Apollo 440 (alternately known as Apollo Four Forty or @440) was formed in 1991 by Howard Gray, his brother Trevor, classically trained on the piano, and their Liverpool schoolmate Noko, formerly the guitarist in Howard Devoto's Luxuria, and James Gardner, although Gardner left after the recording of the first album. The name comes from the Greek god Apollo and the frequency of concert pitch — the A note at 440 Hz, often denoted as "A440", and the Sequential Circuits sampler/sequencer, the Studio 440. The group was initially influenced by Britain's acid-house explosion, and worked as remixers (sometimes under the name Stealthsonic Orchestra) for U2, EMF and Shabba Ranks before making the leap to actual recording.

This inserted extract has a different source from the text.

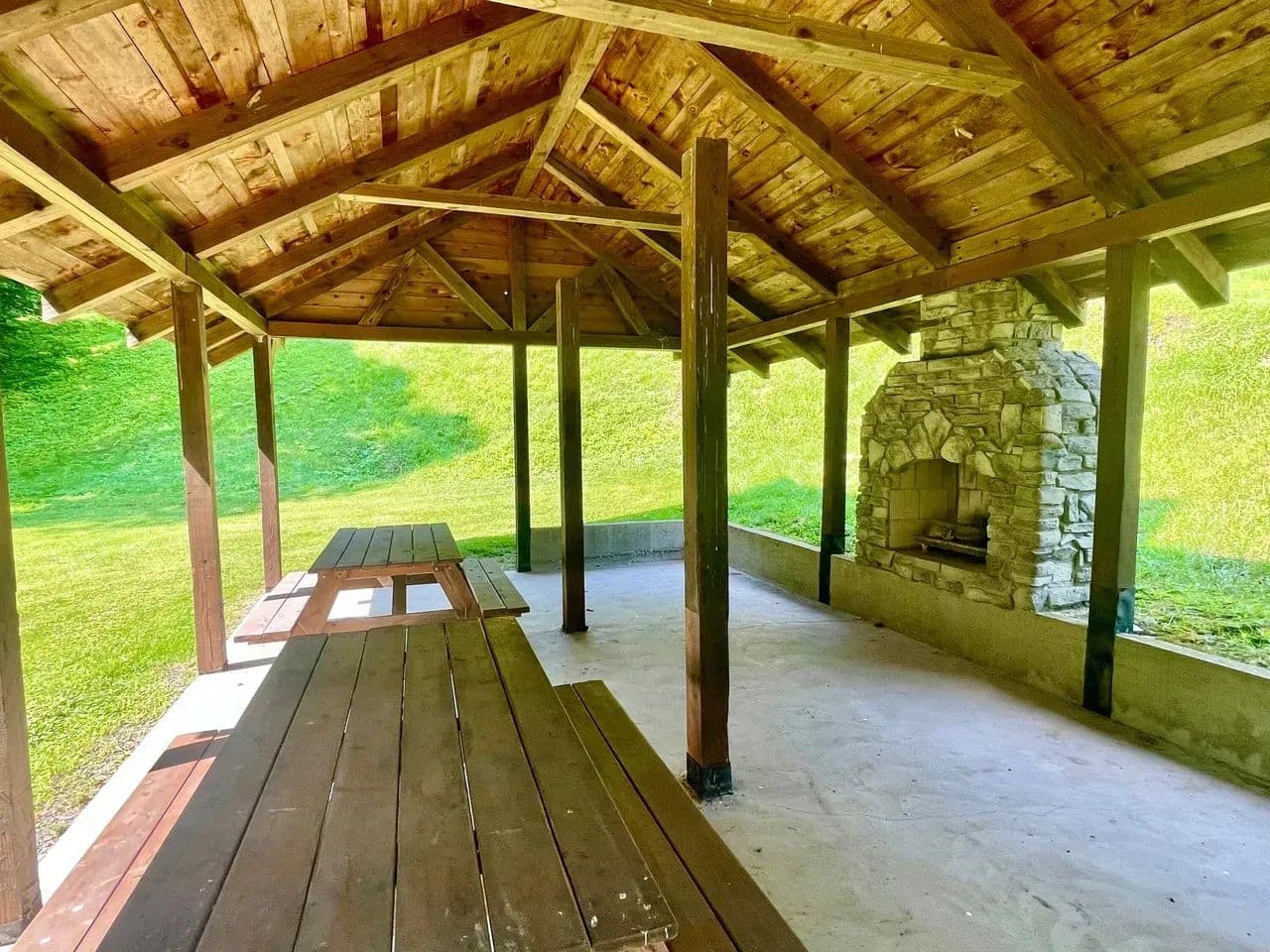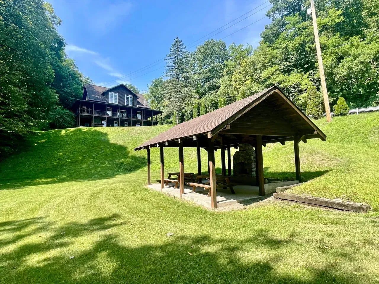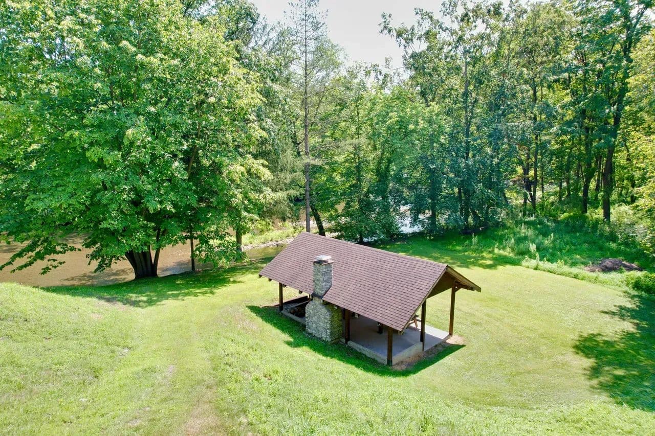 The walk-out basement is pre-plumbed for an additional full bathroom and ready for your finishing touch. Outside, a charming 16x12 riverside pavilion with a stone fireplace invites you to gather with friends, enjoy outdoor dining, or simply unwind to the soothing sound of flowing water.

The single "Astral America" appeared on the group's own Stealth Sonic Records in 1993. After relocating to the Camden area of London, Apollo 440 recorded their debut album, Millennium Fever, and released it in 1994 on their own Stealth Sonic Recordings label.

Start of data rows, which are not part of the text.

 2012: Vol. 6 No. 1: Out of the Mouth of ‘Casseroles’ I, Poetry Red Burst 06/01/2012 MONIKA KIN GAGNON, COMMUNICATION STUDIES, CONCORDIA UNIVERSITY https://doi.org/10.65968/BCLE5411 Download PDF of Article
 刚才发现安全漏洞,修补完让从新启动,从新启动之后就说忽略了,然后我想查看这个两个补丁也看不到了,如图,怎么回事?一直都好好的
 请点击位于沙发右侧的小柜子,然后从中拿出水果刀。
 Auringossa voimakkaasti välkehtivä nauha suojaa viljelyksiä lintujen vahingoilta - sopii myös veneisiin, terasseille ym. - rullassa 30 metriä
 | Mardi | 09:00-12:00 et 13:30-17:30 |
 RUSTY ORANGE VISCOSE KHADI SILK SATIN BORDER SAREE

The band had been most known for its remixes (about 50 in the nineties) until the release of Liquid Cool in the UK. However, it was not until the success of the singles Krupa and Ain't Talkin' 'bout Dub that their own musical efforts were brought to international attention — particularly the latter contributed greatly to pushing Apollo 440 into the spotlight. They hit the British Top Ten in 1997 by sampling Van Halen for the single "Ain't Talkin' Bout Dub". It was followed by the release of their second album, Electro Glide in Blue, it features Charles Bukowski, Billy Mackenzie and a tribute to Gene Krupa: all three of whom had become deceased by the time of the album's release. On the day that Princess Diana died, BBC Radio One suspended its regular schedule out of respect and spent the day playing more understated music; the track Stealth Mass in F#m was played several times on this day.

The group resurfaced in early 1999 with Getting High on Your Own Supply., in 2003 they've released their thusfar last album Dude Descending a Staircase (2cd) , the title and cover refer to the famous painting Nude Descending a Staircase by Marcel Duchamp. Currently, the band resides in Islington, London, having once again moved its headquarters (affectionately labelled Apollo Control). In 2007, the band played a tribute gig to the late singer Billy MacKenzie and decided to go on after that. They plan for several more gigs and an album that should be out in 2008.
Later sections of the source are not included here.